Property, plant and equipment, net increased $35.2 million from $1,038.3 million at June 30, 2020 to $1,073.5 million at December 31, 2020, primarily due to capital additions of approximately $64.0 million and a positive currency exchange impact of approximately $31 million, partially offset by depreciation expense of $55.5 million and disposals of $4.5 million.
At December 31, 2020, other assets were $592.7 million, an increase of $34.2 million from $558.5 million at June 30, 2020. The primary drivers for the increase was an increase in other assets of $22.4 million primarily due to an increase in pension plan assets and an increase in goodwill of $10.9 million due to favorable currency exchange effects.
Kennametal Shareholders' equity was $1,279.2 million at December 31, 2020, an increase of $49.3 million from $1,229.9 million at June 30, 2020. The increase was primarily due to favorable currency exchange effects of $71.9 million and capital stock issued under employee benefit and stock plans of $10.2 million, partially offset by cash dividends paid to Kennametal Shareholders of $33.3 million and net loss attributable to Kennametal of $2.3 million.

DISCUSSION OF CRITICAL ACCOUNTING POLICIES
There have been no changes to our critical accounting policies since June 30, 2020.

RECONCILIATION OF FINANCIAL MEASURES NOT DEFINED BY U.S. GAAP
In accordance with SEC rules, below are the definitions of the non-GAAP financial measures we use in this report and the reconciliation of these measures to the most closely related GAAP financial measures. We believe that these measures provide useful perspective on underlying business trends and results and provide a supplemental measure of year-over-year results. The non-GAAP financial measures described below are used by management in making operating decisions, allocating financial resources and for business strategy purposes. We believe these measures may be useful to investors as they provide supplemental information about business performance and provide investors a view of our business results through the eyes of management. These non-GAAP financial measures are not intended to be considered by the user in place of the related GAAP financial measure, but rather as supplemental information to our business results. These non-GAAP financial measures may not be the same as similar measures used by other companies due to possible differences in method and in the items or events being adjusted.
Organic sales decline Organic sales decline is a non-GAAP financial measure of sales decline (which is the most directly comparable GAAP measure) excluding the effects of acquisitions, divestitures, business days and foreign currency exchange from year-over-year comparisons. We believe this measure provides investors with a supplemental understanding of underlying sales trends by providing sales growth decline on a consistent basis. Also, we report organic sales decline at the consolidated and segment levels.

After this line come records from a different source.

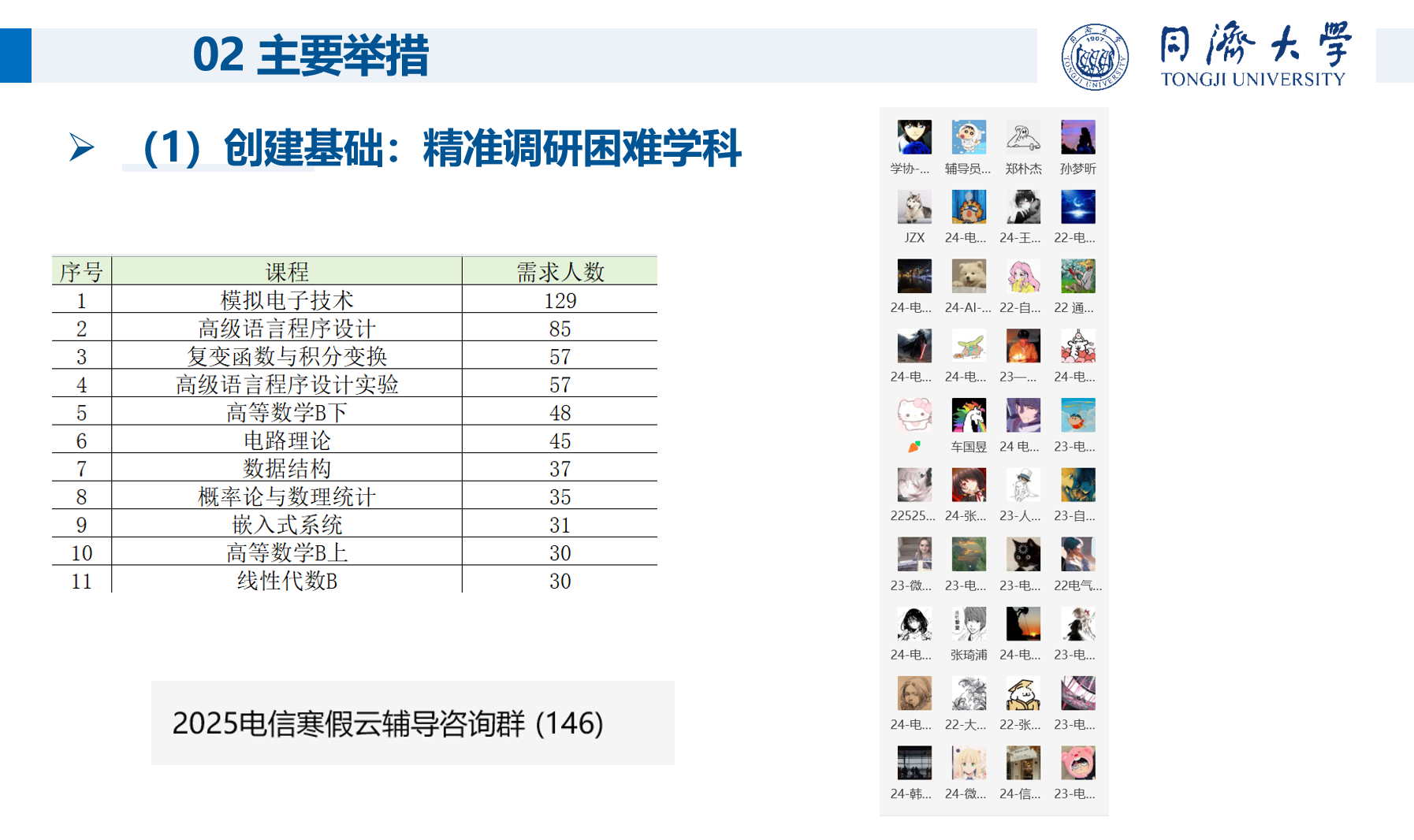 会议总结回顾了学院在2025年寒假开展的学业“云”辅导工作基本概况与工作成效。本次寒假云辅导共开设了包括《模拟电子技术》《高等数学B》《微控制器原理及应用》《自动控制原理》《电路理论》《线性代数B》《高级语言程序设计》《复变函数与积分变换》《数据结构》等10门重点难点课程,共覆盖了140余名本科生,学员的总体考试通过率超过75%。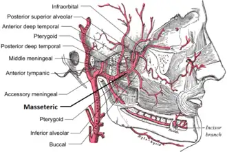 L'artère massétérique est une branche du deuxième segment de l'artère maxillaire. Elle vascularise le muscle masséter.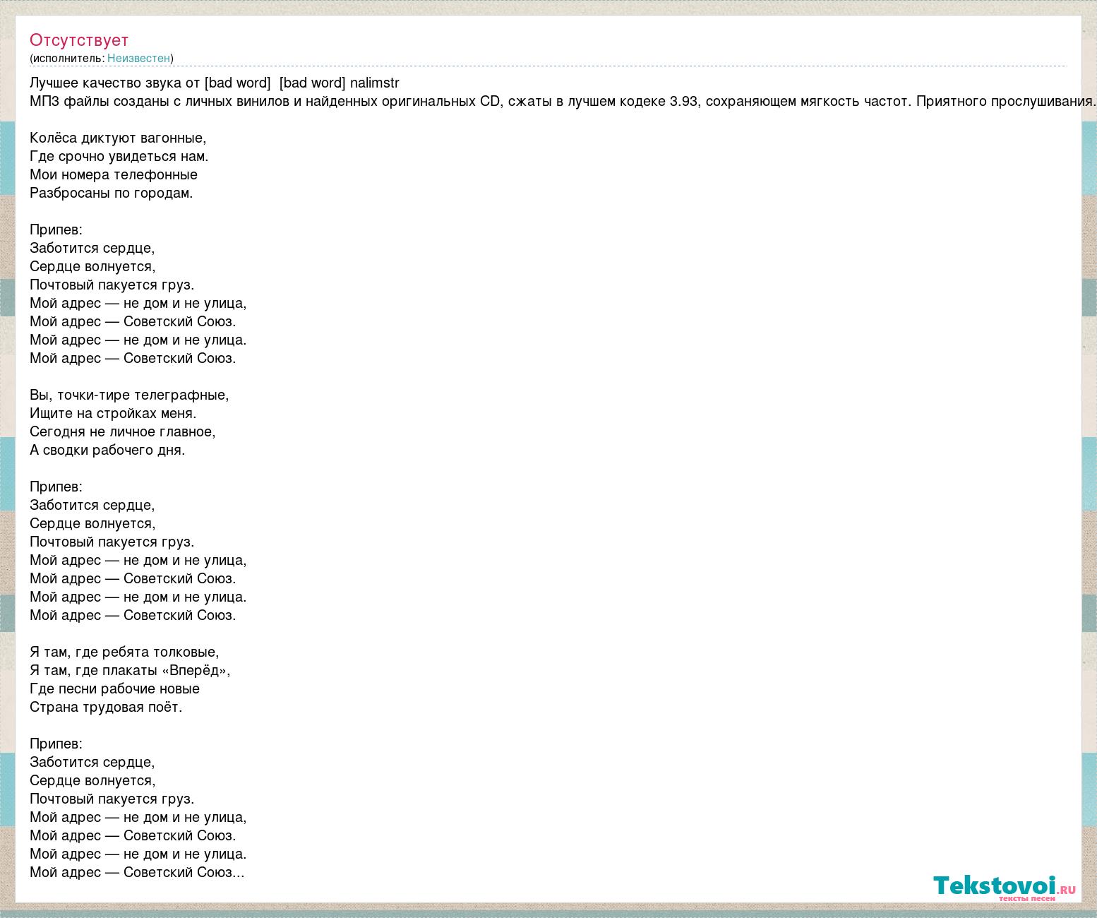 Лучшее качество звука от [bad word] [bad word] nalimstr МП3 файлы созданы с личных винилов и найденных оригинальных CD, сжаты в лучшем кодеке 3.93, сохраняющем мягкость частот. Приятного прослушивания. Колёса диктуют вагонные, Где срочно увидеться нам. Мои номера телефонные Разбросаны по городам. Припев: Заботится сердце, Сердце волнуется, Почтовый пакуется груз. Мой адрес — не дом и не улица, Мой адрес — Советский Союз. Мой адрес — не дом и не улица. Мой адрес — Советский Союз. Вы, точки-тире телеграфные, Ищите на стройках меня. Сегодня не личное главное, А сводки рабочего дня. Припев: Заботится сердце, Сердце волнуется, Почтовый пакуется груз. Мой адрес — не дом и не улица, Мой адрес — Советский Союз. Мой адрес — не дом и не улица. Мой адрес — Советский Союз. Я там, где ребята толковые, Я там, где плакаты «Вперёд», Где песни рабочие новые Страна трудовая поёт. Припев: Заботится сердце, Сердце волнуется, Почтовый пакуется груз. Мой адрес — не дом и не улица, Мой адрес — Советский Союз. Мой адрес — не дом и не улица. Мой адрес — Советский Союз...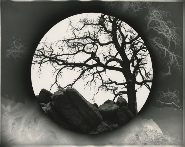 Our photoreceptors turn light into signs via the human eye. Perception can sometimes chain us to the expected, the predictable, and our own set of assumptions about the world. The Inverse series reveals overlapping realities existing simultaneously using solarization techniques. The process of in-camera solarization is achieved through a tonal reversal between negative and positive, caused by overexposure and achieved only through analog means. With his handmade cameras, McCaw utilizes this complex photographic process to compose bifurcated landscapes that disrupt our expectations. In Inverse 117 (Burnt, Anza Borrego), 2025, a bright circle outlines dark, gnarled, leafless tree branches growing out of jagged rocks. Around its perimeter, ghostly branch tendrils float in dark grey. The circle’s shape suggests something planetary, perhaps the sun itself. The circle is also an eye, a peep-hole, and a binocular exposing the night vision of the tree to daylight.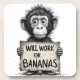 Posavasos Will Work for Bananas - Humorous Monkey Sketch
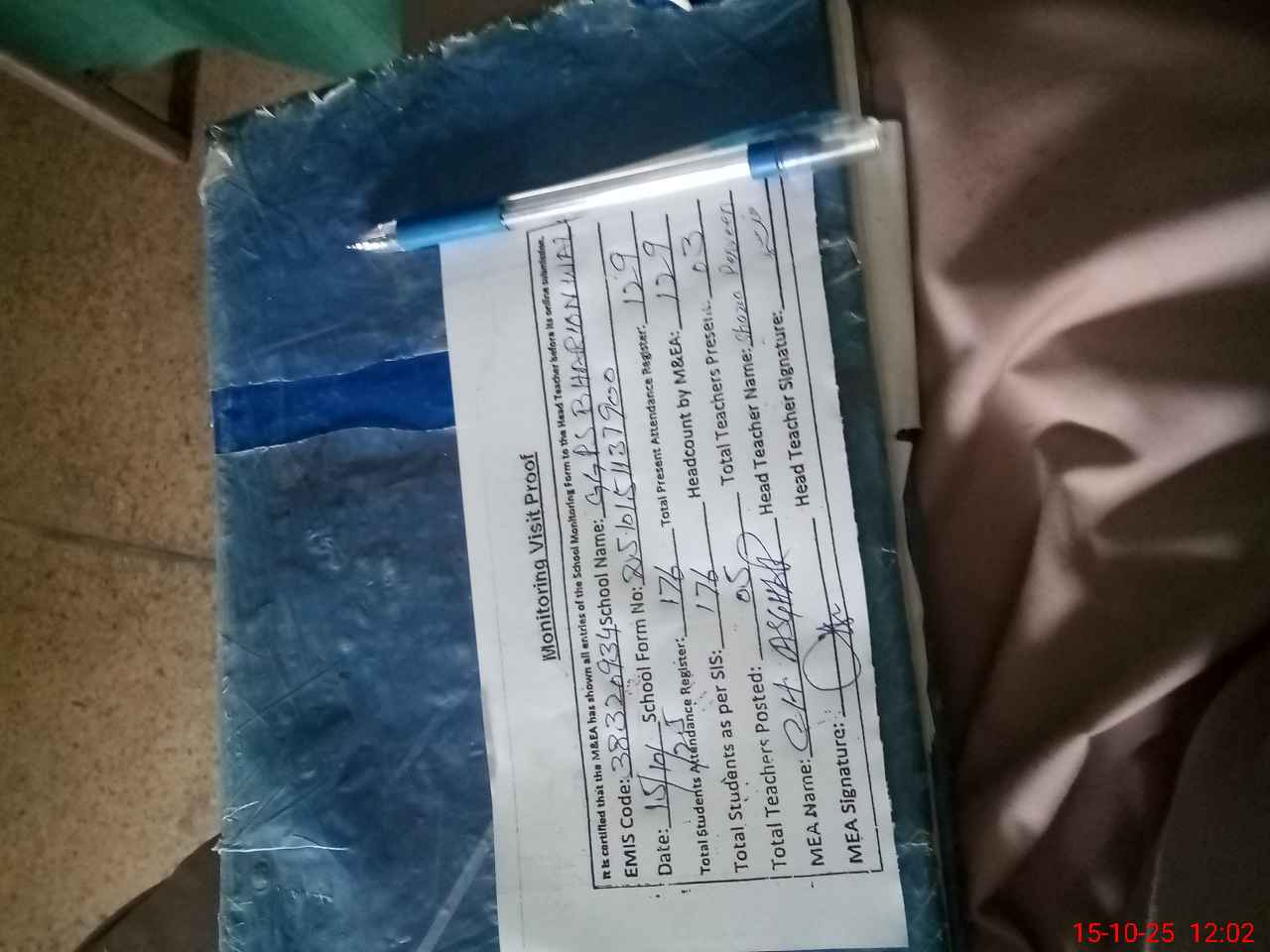 | Attendance Register | Head Teacher | MEA with School | Visit Proof |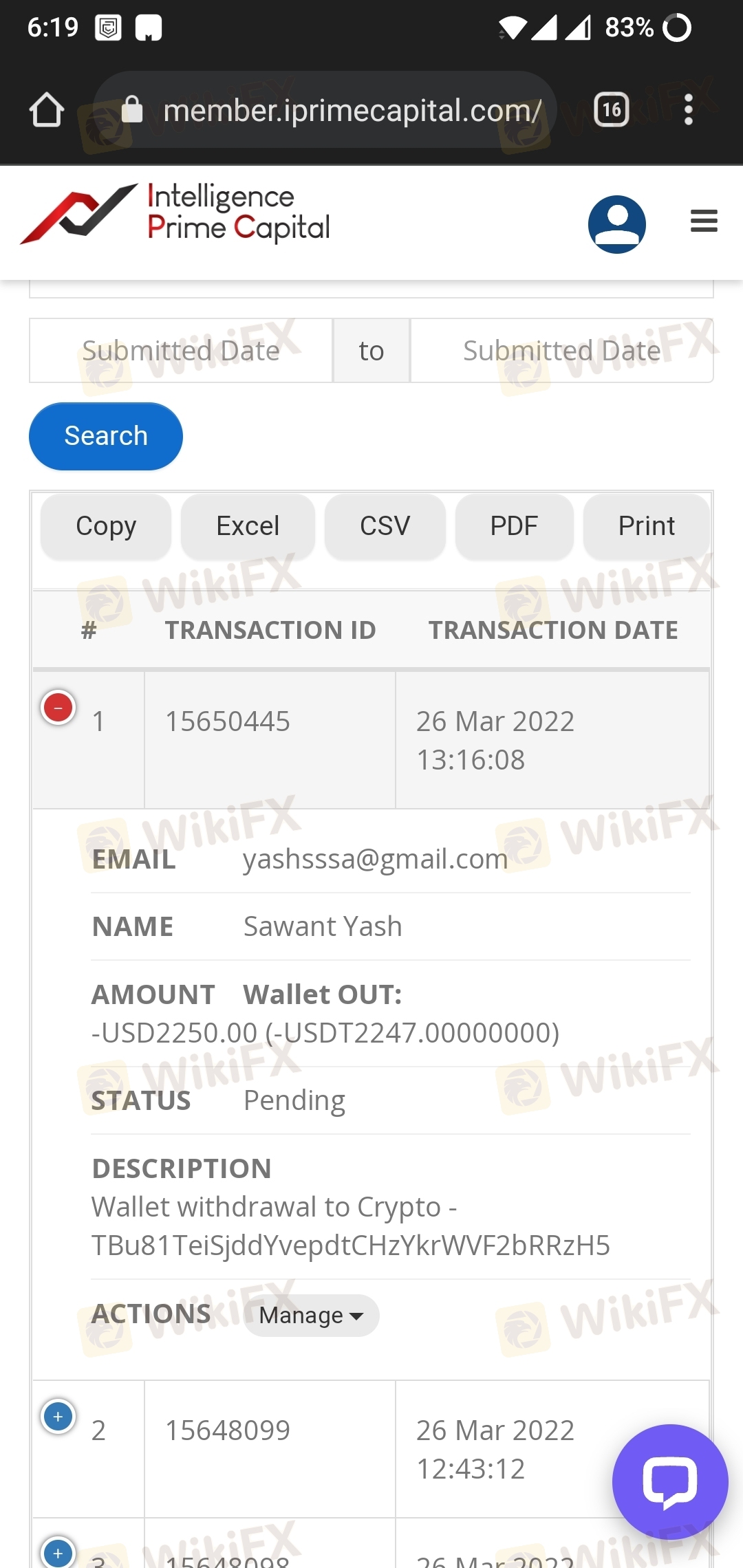 I have placed an request of withdrawal on 26th still haven't received any money from the company and now the website is also down

Constant currency end market sales decline Constant currency end market sales decline is a non-GAAP financial measure of sales decline (which is the most directly comparable GAAP measure) by end market excluding the effects of acquisitions, divestitures and foreign currency exchange from year-over-year comparisons. We note that, unlike organic sales decline, constant currency end market sales decline does not exclude the effect of business days. We believe this measure provides investors with a supplemental understanding of underlying end market trends by providing end market sales growth decline on a consistent basis. Also, we report constant currency end market sales decline at the consolidated and segment levels.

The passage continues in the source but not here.